---------- Dataset extract ----------

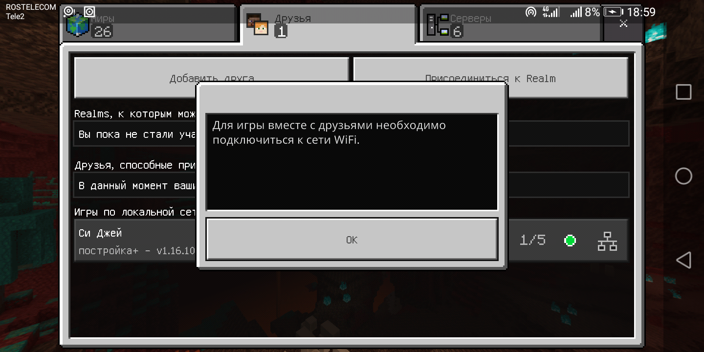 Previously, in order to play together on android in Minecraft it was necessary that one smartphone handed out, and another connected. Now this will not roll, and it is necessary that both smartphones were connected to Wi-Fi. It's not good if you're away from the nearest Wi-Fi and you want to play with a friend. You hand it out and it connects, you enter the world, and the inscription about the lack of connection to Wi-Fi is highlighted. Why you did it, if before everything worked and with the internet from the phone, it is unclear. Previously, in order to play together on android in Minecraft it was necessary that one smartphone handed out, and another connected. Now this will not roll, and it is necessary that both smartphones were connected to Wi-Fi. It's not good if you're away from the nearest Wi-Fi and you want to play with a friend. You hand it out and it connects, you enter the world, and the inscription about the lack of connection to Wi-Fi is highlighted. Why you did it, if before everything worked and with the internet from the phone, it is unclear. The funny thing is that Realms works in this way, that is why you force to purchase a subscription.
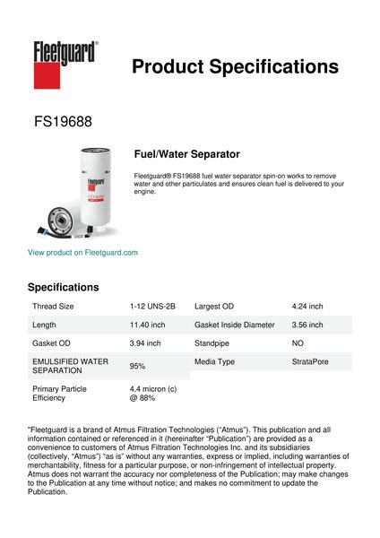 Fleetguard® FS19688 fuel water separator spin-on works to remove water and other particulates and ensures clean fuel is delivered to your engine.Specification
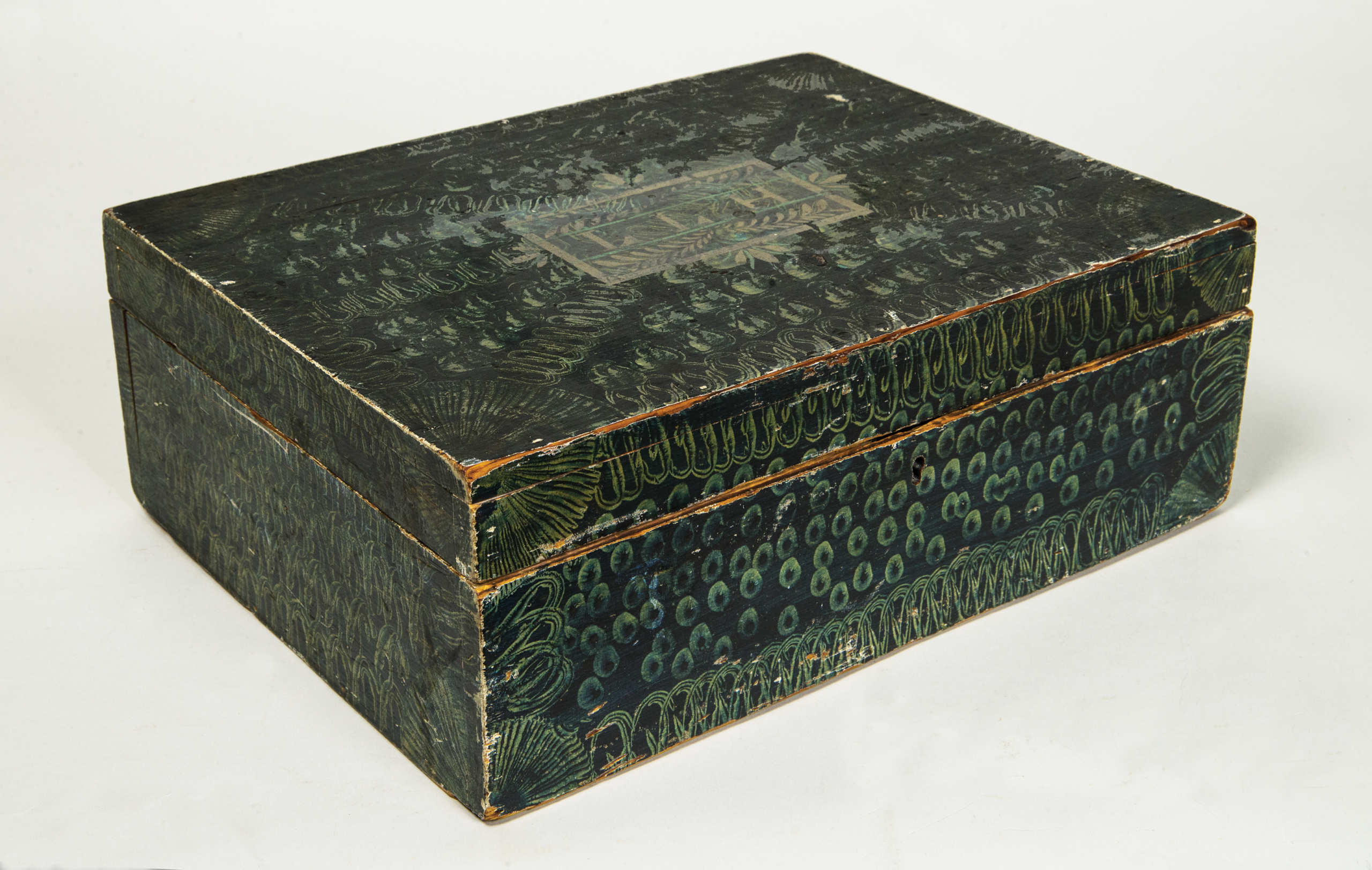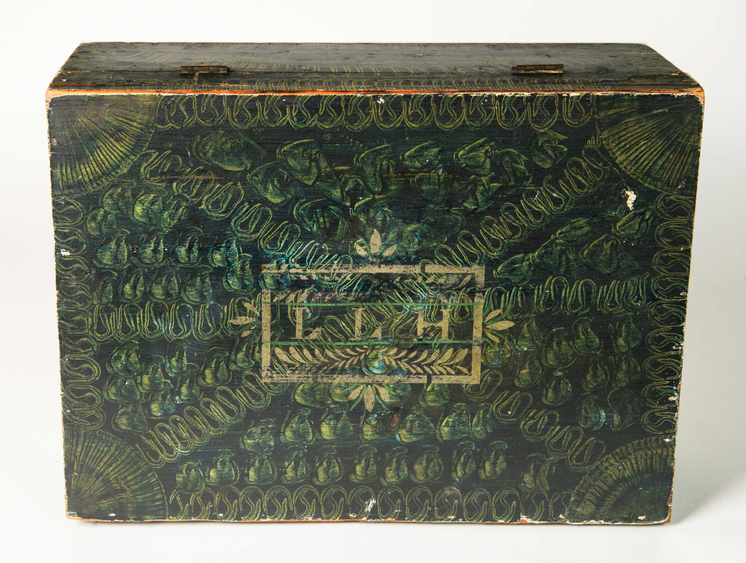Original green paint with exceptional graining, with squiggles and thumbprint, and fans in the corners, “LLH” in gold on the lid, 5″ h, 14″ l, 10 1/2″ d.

----------
---------- Dataset extract ----------

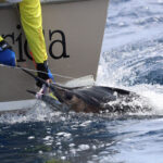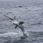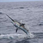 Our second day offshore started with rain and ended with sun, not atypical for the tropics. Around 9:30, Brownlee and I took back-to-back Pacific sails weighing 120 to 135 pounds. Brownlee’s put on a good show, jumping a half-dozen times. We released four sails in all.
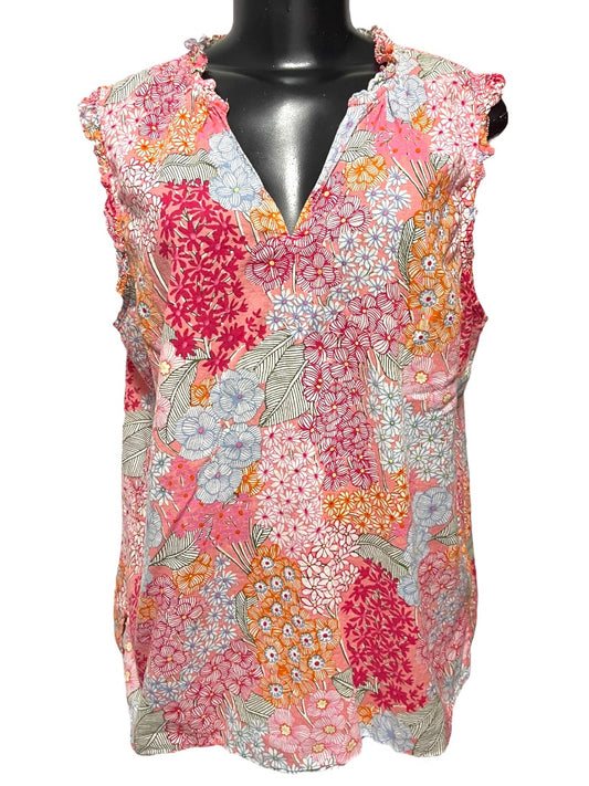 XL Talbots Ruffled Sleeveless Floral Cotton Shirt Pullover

----------

*What needs to be done*
Would you copy out, exactly and with no pictures, only the lines above from the one that contains "Fleetguard® FS19688 fuel" through the one that contains "Original green paint"?

*Task response*
 Fleetguard® FS19688 fuel water separator spin-on works to remove water and other particulates and ensures clean fuel is delivered to your engine.Specification
Original green paint with exceptional graining, with squiggles and thumbprint, and fans in the corners, “LLH” in gold on the lid, 5″ h, 14″ l, 10 1/2″ d.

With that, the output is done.